[Records for the task — start]

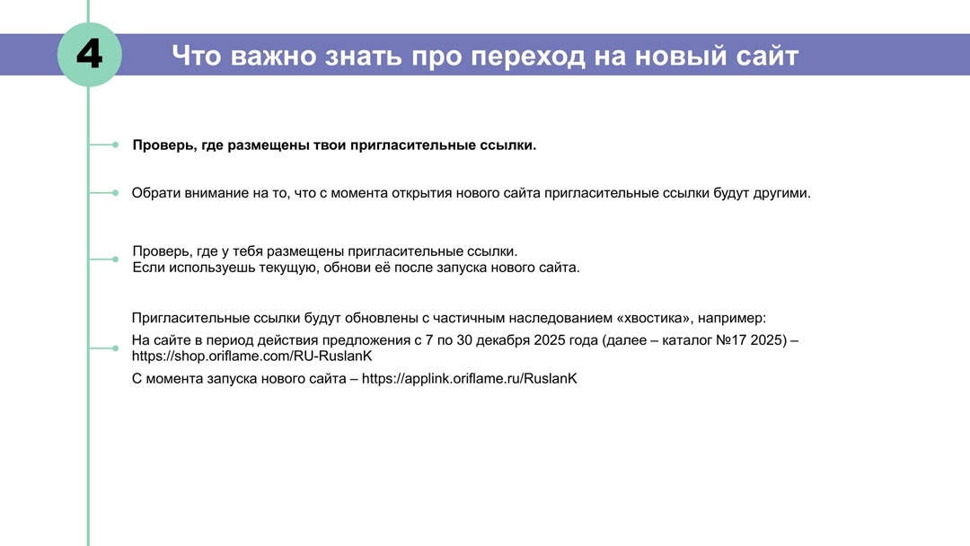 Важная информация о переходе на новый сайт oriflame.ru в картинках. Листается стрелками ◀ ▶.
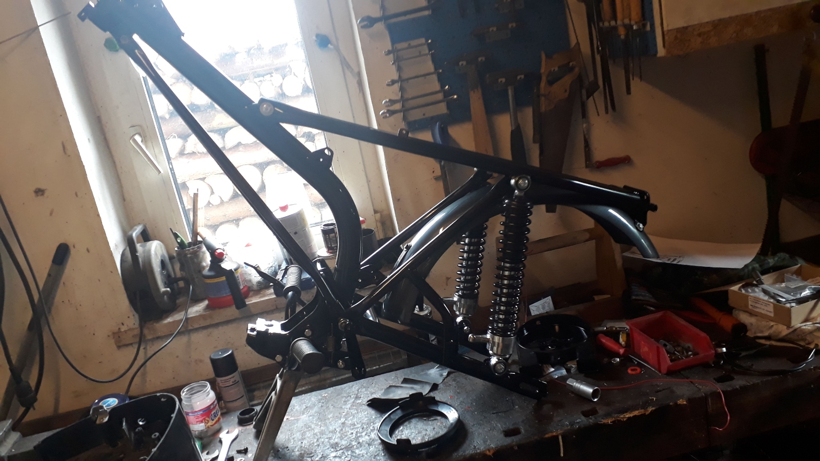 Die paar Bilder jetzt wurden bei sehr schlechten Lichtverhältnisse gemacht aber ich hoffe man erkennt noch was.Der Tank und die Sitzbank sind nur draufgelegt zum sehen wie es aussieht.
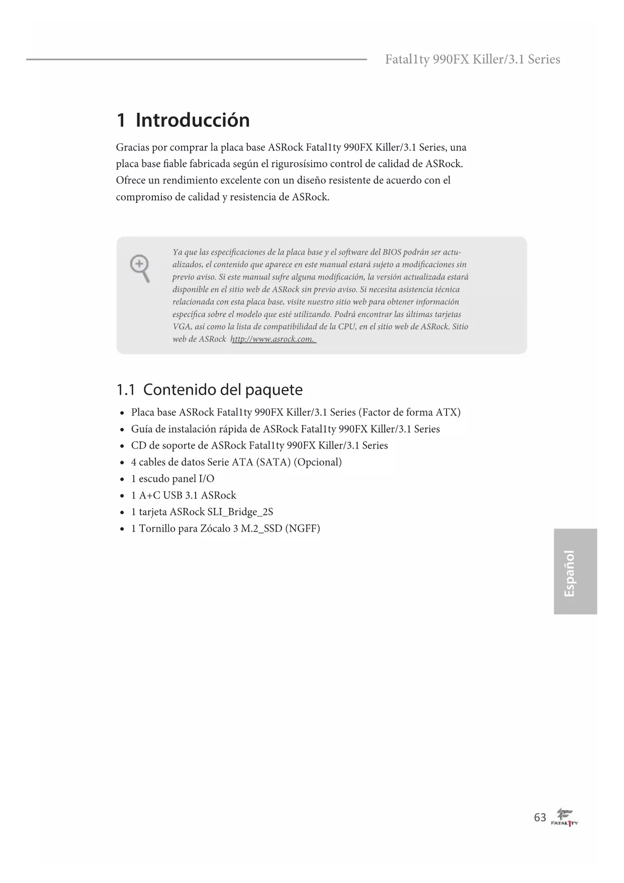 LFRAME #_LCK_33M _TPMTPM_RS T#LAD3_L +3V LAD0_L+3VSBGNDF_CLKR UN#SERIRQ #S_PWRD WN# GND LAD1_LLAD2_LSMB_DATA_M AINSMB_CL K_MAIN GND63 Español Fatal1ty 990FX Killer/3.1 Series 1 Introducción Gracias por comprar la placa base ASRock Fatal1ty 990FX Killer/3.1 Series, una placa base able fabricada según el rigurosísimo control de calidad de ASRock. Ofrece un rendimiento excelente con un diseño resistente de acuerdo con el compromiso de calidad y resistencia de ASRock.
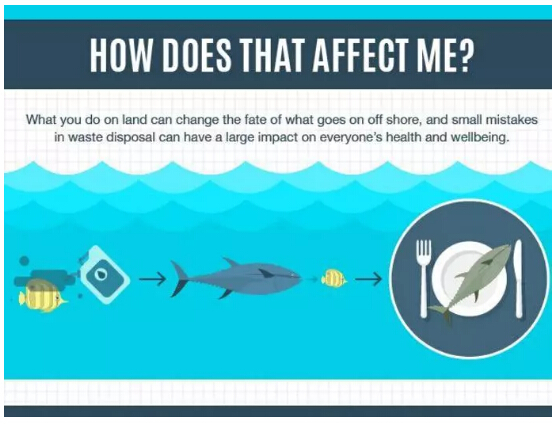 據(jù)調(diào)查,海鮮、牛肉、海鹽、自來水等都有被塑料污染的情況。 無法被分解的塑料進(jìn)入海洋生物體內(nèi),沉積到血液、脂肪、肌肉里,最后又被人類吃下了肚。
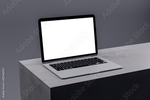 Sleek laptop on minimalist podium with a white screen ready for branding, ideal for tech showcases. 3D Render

[Records for the task — finish]

Give back exactly the lines from the line with "據(jù)調(diào)查,海鮮、牛肉、" through the end of the material above, inclusive, with no pictures.

 據(jù)調(diào)查,海鮮、牛肉、海鹽、自來水等都有被塑料污染的情況。 無法被分解的塑料進(jìn)入海洋生物體內(nèi),沉積到血液、脂肪、肌肉里,最后又被人類吃下了肚。
 Sleek laptop on minimalist podium with a white screen ready for branding, ideal for tech showcases. 3D Render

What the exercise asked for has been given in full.